The “awakening march” conducted by Knesset members from the Joint List headed by Ayman Odeh from the unrecognized villages in the Negev to the President’s Residence in Jerusalem must not end in a still, small voice. The dozens of unrecognized villages that are home to some 60,000 Bedouin are a Mark of Cain on a state that prides itself on its democratic nature and equal rights for all citizens.

Since its establishment, Israel has forged an alliance with the Bedouin community, whose young men serve in the Israel Defense Forces and die in the defense of their state. But even were it not for their military service, the Bedouin deserve to enjoy the rights conferred by citizenship, including the right to water, education, health care and housing. Most of these rights are withheld from the inhabitants of the scattered Bedouin habitation clusters, on the grounds that they are illegally squatting on state land and cannot have basic services until their habitation status is sorted out.

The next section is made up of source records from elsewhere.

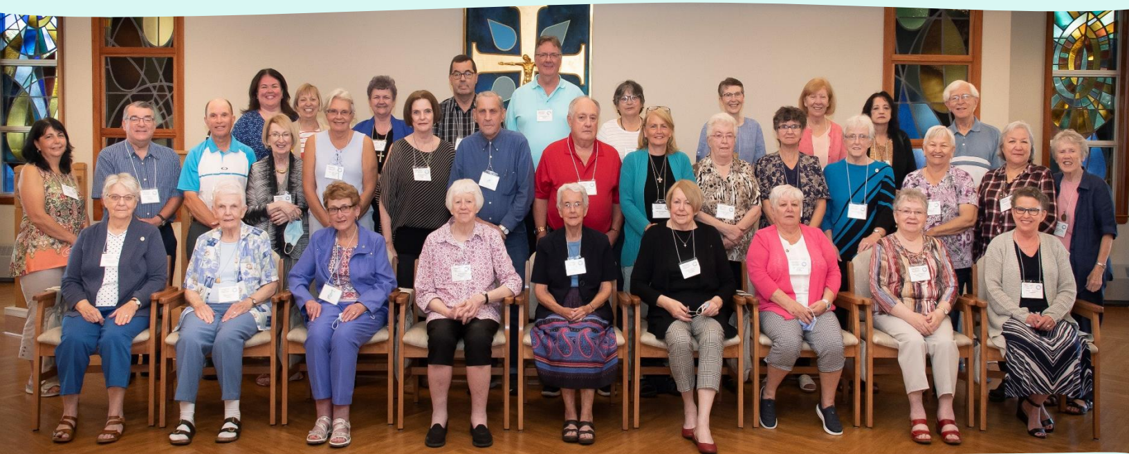
Above: East Martha Associate Retreat Day in Antigonish on September 10 th , 2022
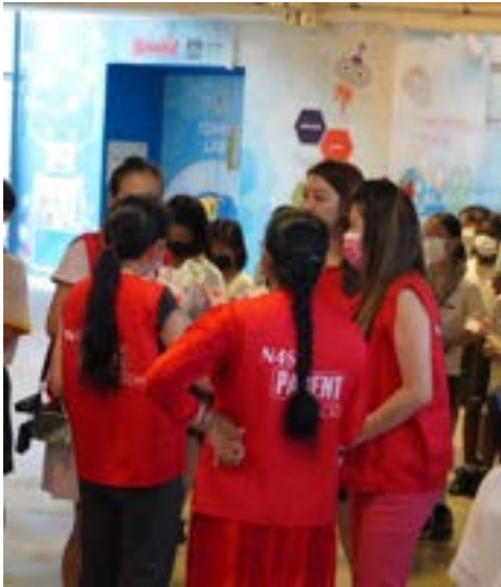
Teachers' Day planning
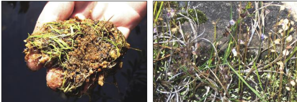
Carnivorous plants found at Toolooma Lake. (clockwise from top left): A large Drosera spatulata reaching 5cm in diameter. Drosera spatulata forming a 2cm column of old leaves. Utricularia uniflora in flower. Utricularia uliginosa in flower and a Utricularia uliginosa clump with elongated leaves growing at the bottom of a small pond.

common with a couple reaching 5cm in diameter in the shade of overhanging trees which amazed me, as I have never seen them larger than 3cm. The D. spatulata could also be seen on higher ground growing in much drier and brighter conditions. These plants were smaller than the ones seen prior but the rosette had formed a column of old leaves up to 2cm high. D. pygmaea was also scattered around these areas but they grew mainly in the drier patches.
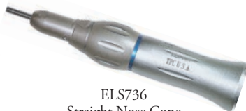
ELS736 Straight Nose Cone Retail $178
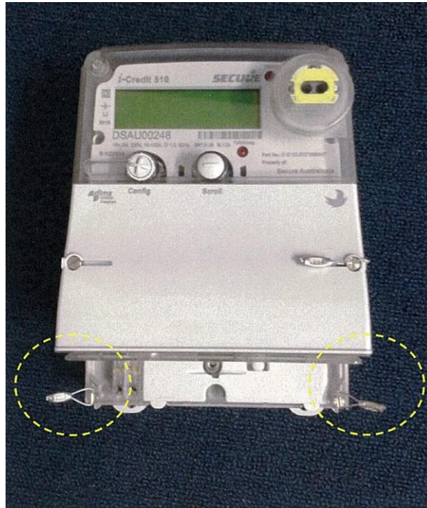
FIGURE 14/2/86 – 2
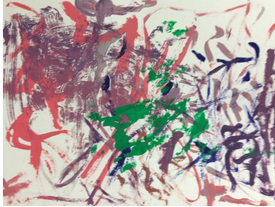
Figure 6. Work carried out during First Aid with Art Therapy sessions.

directionless. This improves the power of decision and a feeling of freedom. In both forms, whether they are created or simply colored in, the beneficiaries concentrate on the smallest details with a high degree of patience and commitment.
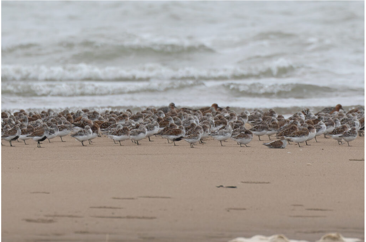
Broad-billed Sandpiper amongst resting sandpipers
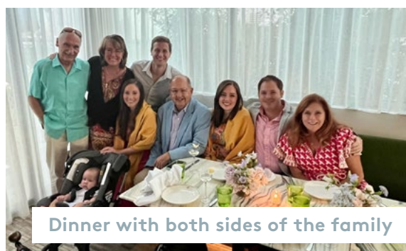
Dinner with both sides of the family
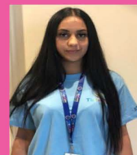
Meet our Coordinator

If you have not used our service, registrations can be completed online at www.theircare.com.au . If you need any support registering, we are more than happy to lend you a hand! We are located in the Community Hub 😊
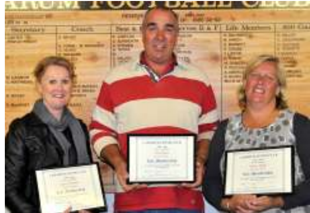
Life Members for Laharum Tennis Club awarded 26.3.2011
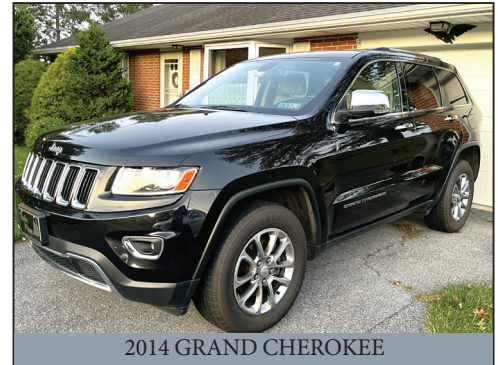
2014 GRAND CHEROKEE

LOCATED AT: 1526 Brunnerville Rd. Lititz, PA 17543

On the face of it, the state is right in demanding the regularization of the Bedouin settlement, so that they can benefit from regular community services. The state claims it is difficult to reach agreements with the scattered Bedouin, due to disputes within the community over property ownership, their rejection of proposals for compensation and their desire to maintain their traditional way of life, which is very different from an urban lifestyle. But all this cannot excuse the neglect of the citizens living in unrecognized communities and the racist paternalism toward them.

Many state-appointed panels have deliberated at length, in an effort to solve the problem. The latest proposal was drafted by Ehud Prawer, amended slightly by a team headed by Benny Begin and approved by the Knesset in a first reading in 2013. This bill met with overwhelming resistance from the Bedouin as well as civil rights organizations, mainly because it does not recognize Bedouin land ownership and rests entirely on the principle of going “beyond the letter of the law.” In addition, the practical implication of the bill is the forced displacement of tens of thousands of Bedouin, without fair compensation.

These proposals are influenced by unacceptable, ultranationalist political thinking, which views the Bedouin as invaders seeking to seize control of the Negev and holds that the state must fence off their living space, by force if necessary. The government must reexamine the Bill on the Arrangement of Bedouin Settlement in the Negev, taking into consideration the historical rights of this population. It must recognize these rights, consider the proposals of the Joint List and above all, replace the attitude viewing the Bedouin as a hostile population with one that welcomes them into Israeli society.